Вот и попробую дать череду извлечений из писем, до времени самоустранившись как их комментатор; сдается, возникнет сама собой хроника на выборку восьмидесятых годов, еще доперестроечных. Воссоздастся их атмосфера. Не говорю уж: главное, высветится характер Натана Эйдельмана.

Июль 1980-го, из Москвы в Саулкрасты:

«Ваше Рассадинство!

Ваши нежности плюс рычание получил, свое ничтожество осознал.

…Интересно, как идет твой Денис 2-й? (Давыдов, а 1-й – Фонвизин, о котором я написал книгу. – Ст. Р.) Не кажется ли тебе, что для более глубокого проникновения ты должен войти в гусарский образ – скакать, рубать, напиваться, выгонять иноземца? Напиши, что ты из этого осуществил. А кстати, поскольку ты уж наверняка проштудировал всю литературу, не попадались ли тебе данные, где находится переписка Давыдова с девицей Золотаревой? Ах, как хотелось бы написать об этом! Впрочем, чур меня! Вернувшись с юга, кинулся на работу. Пишу о Павле и XVII1 веке, о Пушкине и Таците, Макиавелли, Пугачеве, Нащокине и т. п., и т. д. Москва опустела, не узнал бы. К Олимпиаде относятся столь любовно, что называют ее именем уменьшительным». (Естественно, Липа. – Ст. Р.)
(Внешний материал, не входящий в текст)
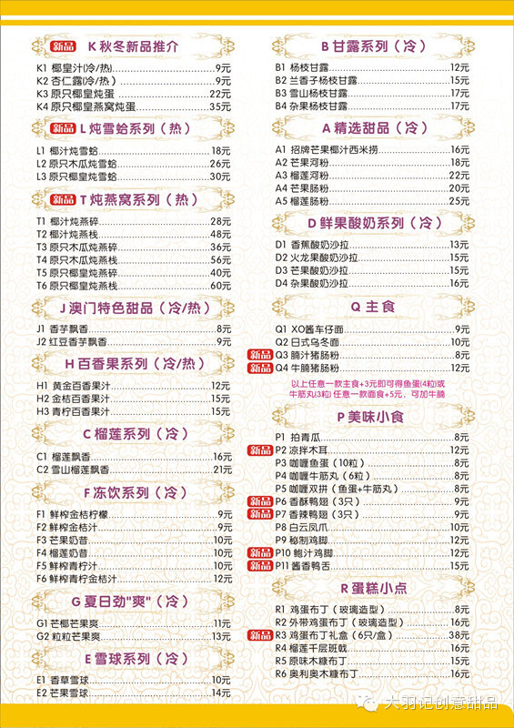 回复【1】 查看[大羽记新品.甜品/炖品篇]

Оттуда же и туда же, июль 1981-го:

«Все время что-то делаю, насчет уединения плоховато, маму не очень оставишь больше чем на сутки. С горя стал ходить в архив, разыскиваю пропавшие бумаги Карамзина, тут разворачивается целый детектив, о чем – при встрече.

Эх, брат Рассадин, перенестись бы мне к тебе или нам с тобою в какой-нибудь тихий замок, «и государь-император, видя такое наше усердие…»

И не пьешь ты ни грамма не потому, что трезвенник, а потому, что меня нет рядом».

То же самое, август 83-го:

«В последнем послании было много о Пушкине, но мало-о грибах, пляже и подобном: Алечка, помоги этомуинтеллигенту спуститься до нас, грешных, трудовых евреев, ставящих жизнь выше искусства. А меж тем посыпал дождичек, а до того были прелестные теплые недели три.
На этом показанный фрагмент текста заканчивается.